Yes, I know it was released incomplete and buggy for a whole list of reasons, some of them due to Obsidian’s ambition and some down to the publisher, but that doesn’t matter.
So here’s the short version of the story: the folks at Obsidian got the contract to make the sequel to one of the biggest games in one of (if not the) largest multi-media franchises of all time. Knights of the Old Republic was Bioware at their best, and it was a tremendous success. Obsidian got the nod to make the follow-up.
Avellone went out and consumed pretty much the entirety of the existing Star Wars Expanded Universe as existed at that time to learn the territory he was going to be playing in. He did his research.

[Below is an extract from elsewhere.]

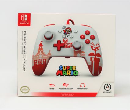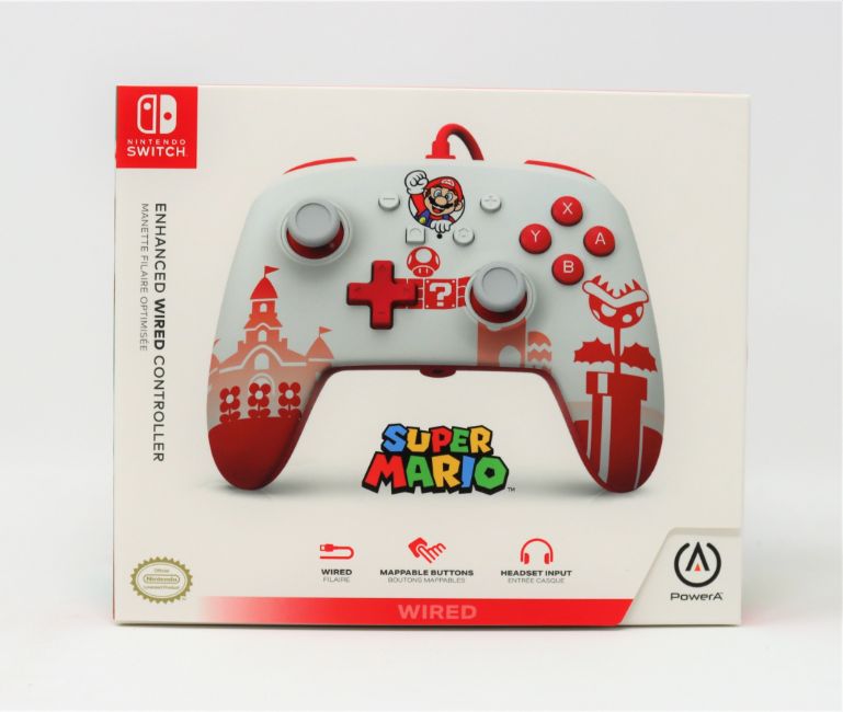Four boxed as new PowerA Enhanced Wired Controllers for Nintendo Switch in Mario Red/White (Boxes sealed).
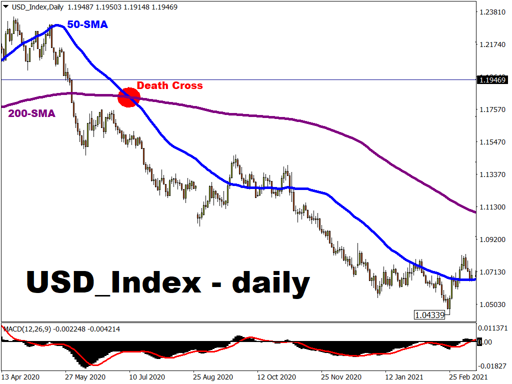 What could push the USD Index closer to a death cross?

And he decided that, basically, the Star Wars universe was full of shit. That the entire notion of the Force as depicted in film and novel was self-contradictory, that the Jedi Knights were in no way the unambiguous force for good that they were commonly accepted as being. That there were multiple interpretations of how the Force was even supposed to work, and they completely contradicted each other, and yet they all worked.
So he made a Star Wars game about how Star Wars was stupid, and he wasn’t even done. He managed to attack and deconstruct and evaluate a huge number of the tropes of Role Playing Games themselves, especially ones like Bioware made with simplistic sliding morality scales. The game attacks the entire idea of gaining experience points from combat by making both one of the main villains and the player character
into walking black holes of life force, all consuming voids that destroy everything they come near. It gives you an elderly mentor character, the first NPC you meet, and she spends the entire game lying to you. Not obviously lying, but subtly and intelligently twisting the PC and the player’s interpretation of everything that happens. One who dislikes the player more if they uncritically accept what she says.
I could probably write an entire essay about the ways in which KOTOR2 is a masterpiece of deconstruction, but to this day, and every time I play it, I’m still in awe of the sheer audacity. How did they possibly get it past Lucasarts?